Rupiah Melemah Terbaru 2026, LPEM UI: Instrumen Moneter Saja Tak Lagi Cukup

Rupiah Melemah Terbaru 2026, LPEM UI: Instrumen Moneter Saja Tak Lagi Cukup
Foto: Rupiah Melemah Terbaru 2026, LPEM UI: Instrumen Moneter Saja Tak Lagi Cukup. (Illustration by Pexels)
Ukuran teks

Kondisi nilai tukar rupiah yang terus merosot kini dipandang sudah melampaui batas efektivitas instrumen moneter biasa. Lembaga Penyelidikan Ekonomi dan Masyarakat Fakultas Ekonomi dan Bisnis Universitas Indonesia (LPEM FEB UI) memberikan catatan kritis mengenai fenomena ini.

Menurut analisis mereka, tekanan yang dialami mata uang Garuda saat ini lebih banyak dipicu oleh faktor fiskal dan masalah struktural di dalam negeri. Hal ini terjadi meski Bank Indonesia (BI) telah berupaya menaikkan BI Rate menjadi 5,25 persen guna menjaga stabilitas pasar keuangan domestik.

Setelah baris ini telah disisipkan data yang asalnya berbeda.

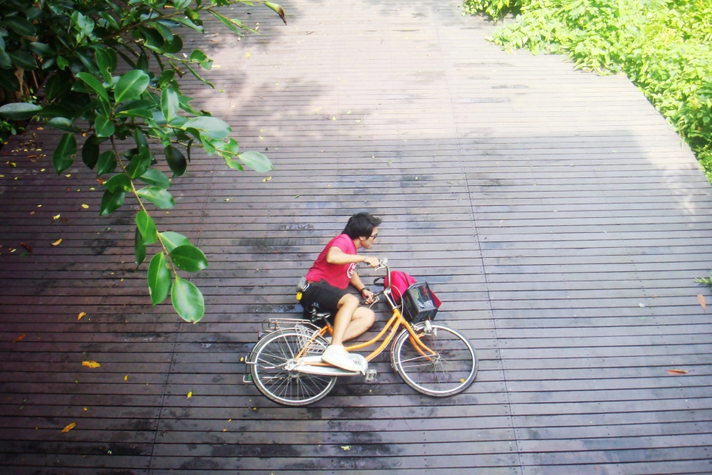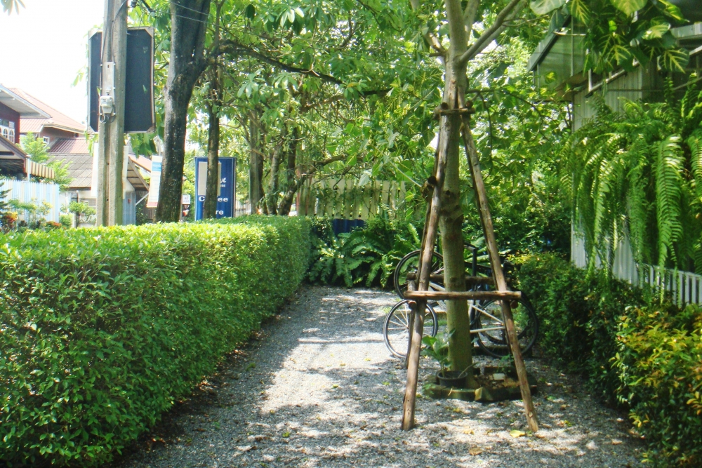 ปั่นมาไม่ไกลมาก จะเห็นทางเข้าสวนอยู่ทางขวามือเลย หน้าทางเข้ามีร้านเช่าจักรยานหลายร้าน

Berikut adalah ringkasan data pergerakan nilai tukar rupiah dalam berbagai periode waktu:

Periode Perhitungan Persentase Pelemahan
Tahun Berjalan (Year-to-Date) 5,50%
Satu Bulan Terakhir (Month-to-Month) 2,69%
Satu Tahun Terakhir (Year-on-Year) 7,00%

Data tersebut menunjukkan bahwa rupiah berada dalam tren penurunan yang konsisten dan kinerjanya tertinggal dibandingkan mata uang negara berkembang lainnya. Tercatat, performa rupiah hanya sedikit lebih baik jika disandingkan dengan Rupee India dan Lira Turkiye.

Penyebab Utama Melemahnya Rupiah

LPEM FEB UI menyoroti bahwa kebijakan moneter saja tidak akan cukup kuat untuk membendung tekanan yang ada. Walaupun gejolak pasar global tetap memberikan pengaruh, kondisi internal di Indonesia memegang peran yang sangat signifikan.

Aliran modal keluar yang masif dalam beberapa pekan terakhir telah memperburuk posisi nilai tukar. Sebagai gambaran, pada Agustus 2025 rupiah masih bertahan di level Rp16.100 per dollar AS, namun kini sudah menembus angka Rp17.717.

Sejumlah faktor domestik utama yang dinilai menjadi pemicu tekanan terhadap rupiah antara lain:

  • Keseimbangan Fiskal: Adanya kekhawatiran dari para investor mengenai kesehatan anggaran negara akibat rasio perpajakan yang masih rendah.
  • Program Pemerintah: Rencana program-program populis yang dianggap membutuhkan biaya fiskal sangat besar sehingga membebani APBN.
  • Risiko Liabilitas: Munculnya potensi kewajiban kontinjensi atau contingent liability yang bersumber dari entitas Danantara.
  • Ketidakpastian Kebijakan: Tingginya dinamika dan ketidakjelasan arah kebijakan pemerintah yang memicu keraguan di mata pelaku pasar.

Faktor-faktor tersebut secara kolektif menciptakan sentimen negatif yang membuat investor lebih memilih untuk menarik modalnya dari pasar domestik. Ketidakpastian arah kebijakan menjadi poin krusial yang terus dipantau oleh para pemain pasar uang hingga saat ini.

Kondisi ini menuntut sinergi yang lebih kuat antara otoritas moneter dan pemerintah dalam mengelola kebijakan fiskal. Tanpa perbaikan pada sisi struktural dan kepastian kebijakan, intervensi melalui suku bunga diperkirakan tidak akan memberikan hasil maksimal dalam jangka panjang.